[Supplied information]:

*** Block opens ***

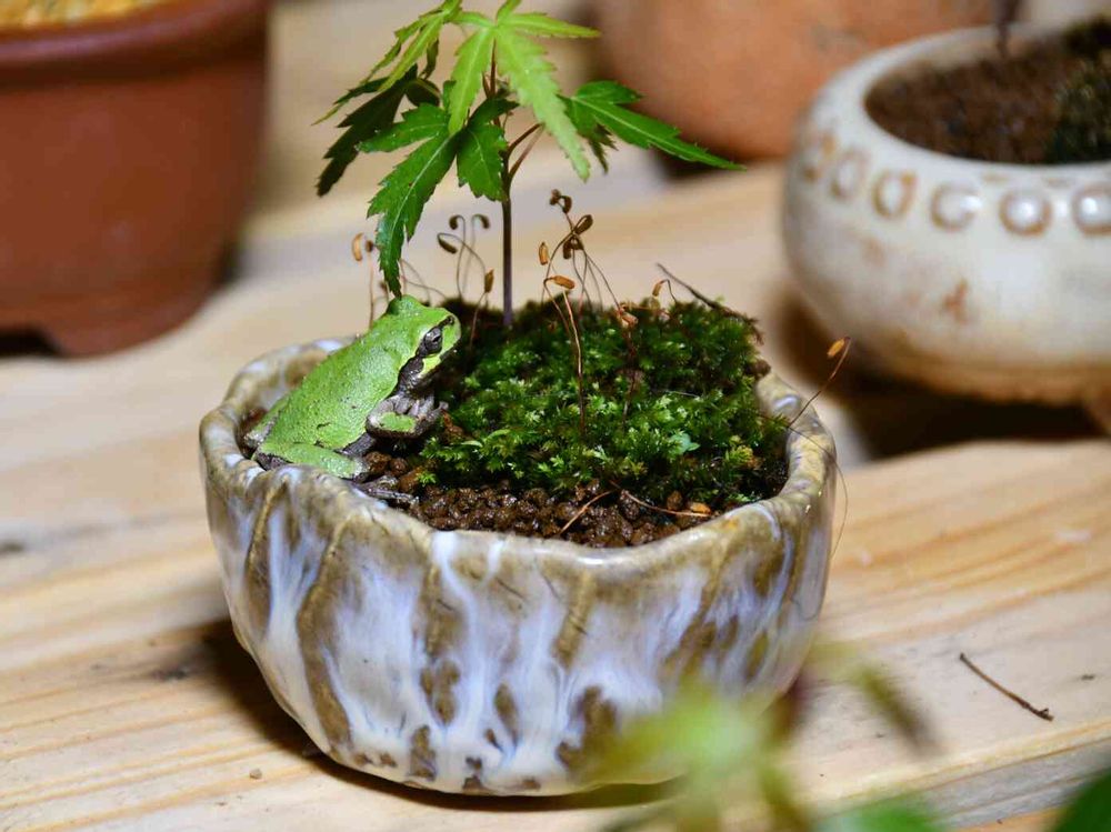 バルコニー/ベランダ,ミニ盆栽,アマガエルの投稿画像
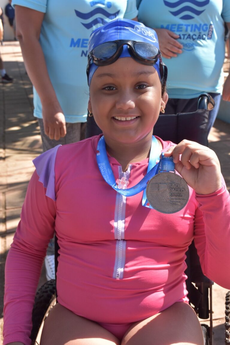 Luíza da Silva tem nove anos, faz natação na Amei há dois anos, e ganhou medalha por participar das provas. A garota precisa de cadeira de rodas porque tem mielomeningocele e hidrocefalia. “Está sendo ótimo”, afirmou o pai dela, Caio da Silva, sobre a participação da filha no evento viabilizado pelos deputados. “Para ela é muito gratificante, pois a vida já é tão difícil”.
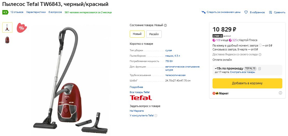 Мощность всасывания пылесоса tefal 79 фото
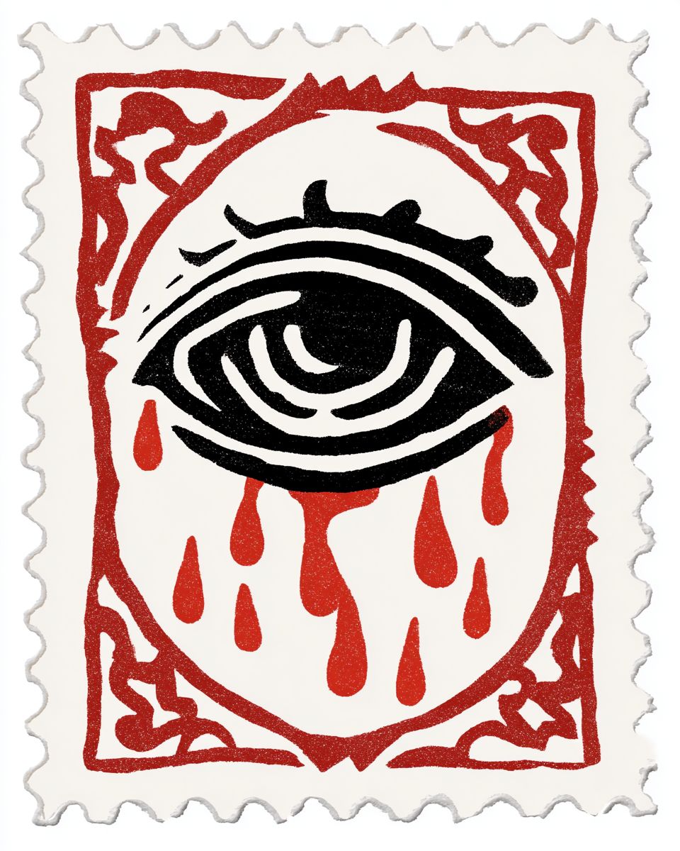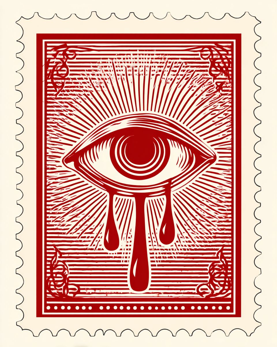 A single vintage postage stamp featuring an eye with red tears, isolated on a white background. The detailed illustrated design is in the style of John Stead and James Jean, centered in the middle of the page with no border.

*** Block closes ***

[Task prompt]: Beginning with the line that holds "Luíza da Silva" and ending with the last line of the material above, extract every line exactly, pictures excluded.

[Answer section]:
 Luíza da Silva tem nove anos, faz natação na Amei há dois anos, e ganhou medalha por participar das provas. A garota precisa de cadeira de rodas porque tem mielomeningocele e hidrocefalia. “Está sendo ótimo”, afirmou o pai dela, Caio da Silva, sobre a participação da filha no evento viabilizado pelos deputados. “Para ela é muito gratificante, pois a vida já é tão difícil”.
 Мощность всасывания пылесоса tefal 79 фото
 A single vintage postage stamp featuring an eye with red tears, isolated on a white background. The detailed illustrated design is in the style of John Stead and James Jean, centered in the middle of the page with no border.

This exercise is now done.